Julian Giordani has benchmarked these cases and should be able to discuss this with you.

Prof Louis Moresi

louis.moresi@anu.edu.au

(m) +61 4 0333 1413

(us) +1 505 349 4425

www.moresi.infohttp://www.moresi.info/

www.facebook.com/underworldcodehttp://www.facebook.com/underworldcode

@LouisMoresihttps://twitter.com/LouisMoresi

On 12 Nov 2019, 17:12 +1100, John Mansour notifications@github.com, wrote:

@antonio-schettinohttps://github.com/antonio-schettino do you get the expected result for a constant divergence?

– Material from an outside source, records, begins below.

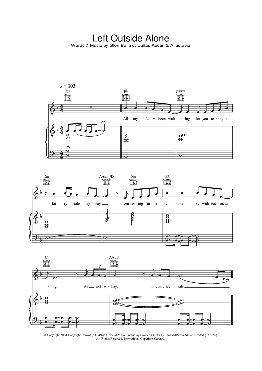 Digital Sheet Music for Left Outside Alone by Anastacia scored for Piano/Vocal/Chords; id:378467
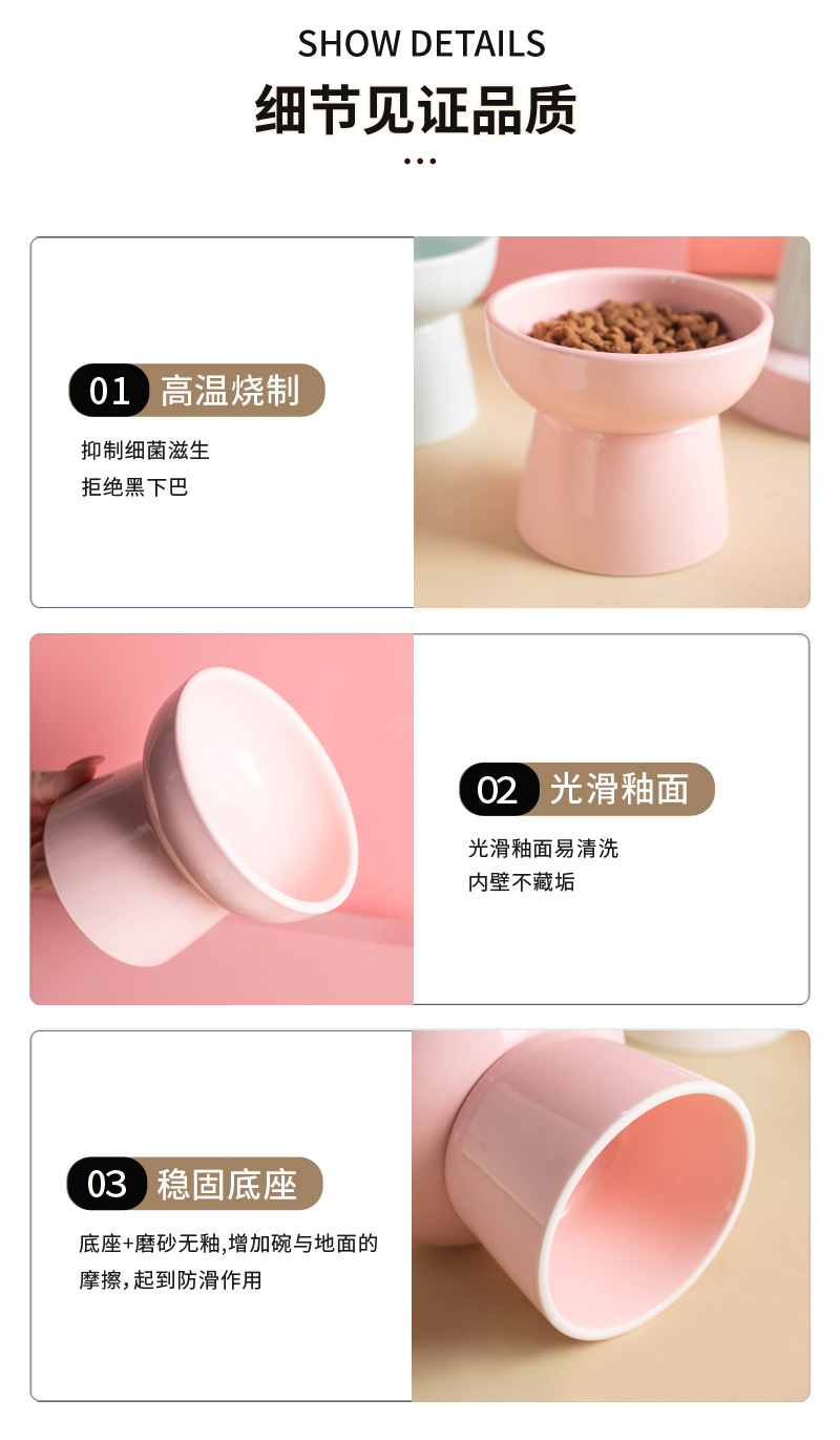 우유 후킹 고양이 그릇 고양이 먹이 분지 세라믹 높은 발 보호 자궁 경부 척추 반대로 뒤집는 개 그릇 애완 동물 마시는 음식 고양이 그릇 국경
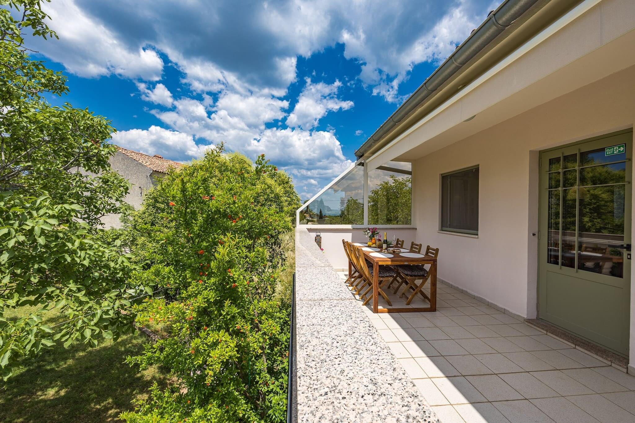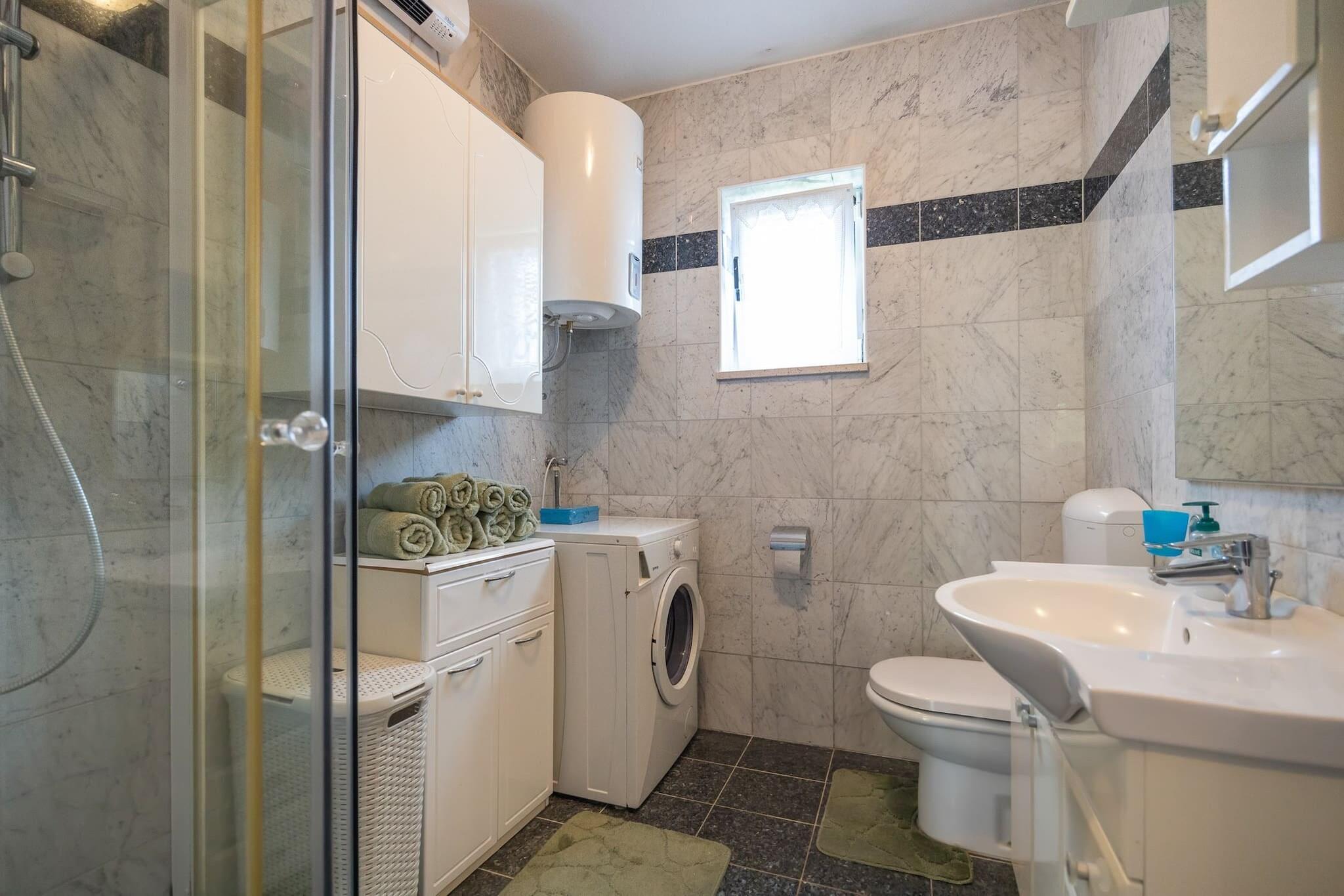 Denne hyggelige lejlighed i Rakalj tilbyder et behageligt ophold med 2 soveværelser, hvilket gør den ideel for op til 4 gæster. Det strækker sig over 90 m² og har en have med udendørsmøbler, perfekt til at slappe af eller nyde måltider udendørs. Lejligheden har også væsentlige faciliteter såsom aircondition, Wi-Fi, et tv med satellitkanaler og en vaskemaskine for din bekvemmelighed. Der er en balkon, hvor gæsterne kan slappe af og nyde omgivelserne. Ejendommen er beliggende i et roligt område, hvilket giver et fredeligt tilflugtssted, mens den forbliver tæt på vigtige tjenester såsom et supermarked og restaurant, kun 150 meter væk. Lejligheden er perfekt beliggende til at udforske området med en klippestrand kun 2 km fra ejendommen og en lufthavn 26 km væk. For dem, der ønsker at opdage charmen ved Rakalj, er byens centrum kun en kort gåtur væk. Gæster vil også sætte pris på den fredfyldte og landlige atmosfære, der tilbyder den perfekte kombination af afslapning og bekvemmelighed. De fredelige omgivelser sikrer en rolig flugt, mens nærheden til butikker og restauranter sikrer, at alt hvad du behøver er inden for rækkevidde. Det veludstyrede køkken i denne lejlighed har en blanding af gas- og elektriske apparater, herunder køleskab, mikroovn, ovn og kaffemaskine, så gæsterne nemt kan tilberede måltider. Der er også ekstra køkkenudstyr, tallerkener og skåle. Lejlighedens tankevækkende faciliteter sikrer et behageligt og behageligt ophold for alle gæster. Med sin kombination af fredelige omgivelser og bekvemme faciliteter tilbyder denne indkvartering den perfekte hjemmebase for din Rakalj-ferie.

— You are receiving this because you are subscribed to this thread. Reply to this email directly, view it on GitHubhttps://github.com/underworldcode/underworld2/issues/437?email_source=notifications&email_token=ADABPI3DHBZHFKPC66OA4XTQTJCLZA5CNFSM4JLVCEK2YY3PNVWWK3TUL52HS4DFVREXG43VMVBW63LNMVXHJKTDN5WW2ZLOORPWSZGOEDZE3PI#issuecomment-552750525, or unsubscribehttps://github.com/notifications/unsubscribe-auth/ADABPIZO5LUA6622CPEJMJ3QTJCLZANCNFSM4JLVCEKQ.

[antonio-schettino]

Assuming constant vz(x,y) = 1 cm/yr in the source term, we would have divergence = -54.36677777777778 (in nondimensional units). Using such constant source term, I obtain an effective divergence ranging between -3566.80400111 and 2627.01917769 (in nondimensional units). Here I am assuming Gamma = 1 (Gruneisen’s parameter), alpha = 3.5e-5 K-1, cp = 1200.0 J K-1 kg-1, S_L = 670.0e3 m.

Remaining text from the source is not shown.